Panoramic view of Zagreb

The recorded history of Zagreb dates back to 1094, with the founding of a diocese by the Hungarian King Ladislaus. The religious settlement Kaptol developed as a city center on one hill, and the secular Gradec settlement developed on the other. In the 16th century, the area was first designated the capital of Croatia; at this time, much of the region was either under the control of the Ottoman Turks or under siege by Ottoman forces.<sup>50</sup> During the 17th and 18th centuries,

==

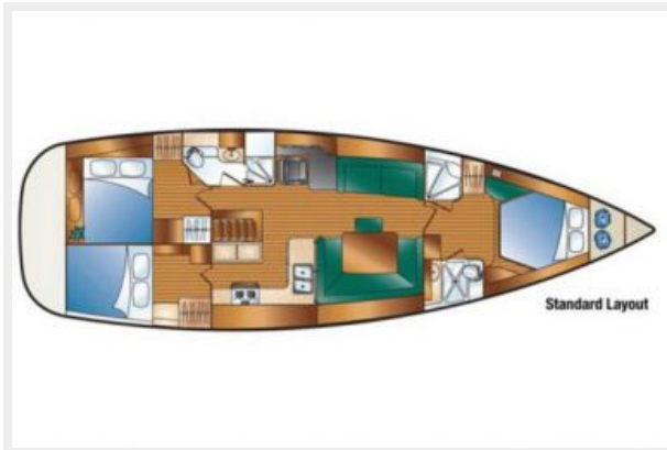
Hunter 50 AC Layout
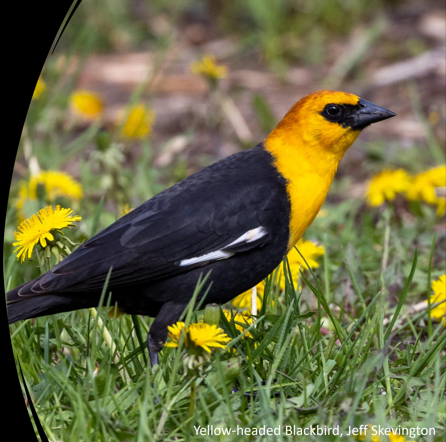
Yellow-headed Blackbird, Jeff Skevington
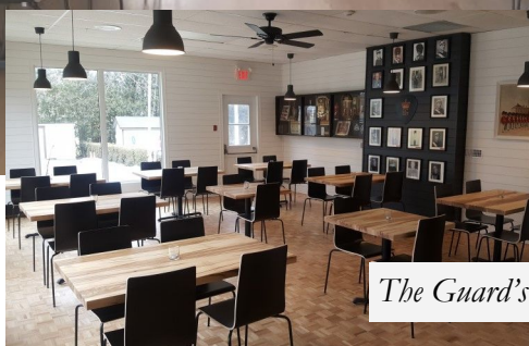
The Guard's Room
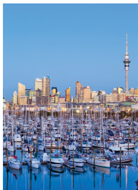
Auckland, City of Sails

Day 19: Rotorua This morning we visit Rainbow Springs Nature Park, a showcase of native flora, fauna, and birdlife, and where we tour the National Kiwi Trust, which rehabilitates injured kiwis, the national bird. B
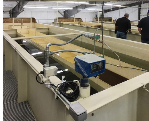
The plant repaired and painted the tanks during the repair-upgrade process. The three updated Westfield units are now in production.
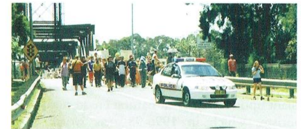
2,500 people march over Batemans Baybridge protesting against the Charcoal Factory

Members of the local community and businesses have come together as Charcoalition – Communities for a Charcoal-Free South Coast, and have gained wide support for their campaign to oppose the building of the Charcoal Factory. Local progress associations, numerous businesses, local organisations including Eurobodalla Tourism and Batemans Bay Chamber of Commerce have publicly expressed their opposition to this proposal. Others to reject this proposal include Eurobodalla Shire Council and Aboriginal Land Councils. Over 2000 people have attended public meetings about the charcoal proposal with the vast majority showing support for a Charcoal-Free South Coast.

YOUR GOAL - Beginning with the line that contains "The plant repaired" and ending with the line that contains "2,500 people march", reproduce the listing exactly, pictures excluded.

SOLUTION TO THIS TASK -
The plant repaired and painted the tanks during the repair-upgrade process. The three updated Westfield units are now in production.
2,500 people march over Batemans Baybridge protesting against the Charcoal Factory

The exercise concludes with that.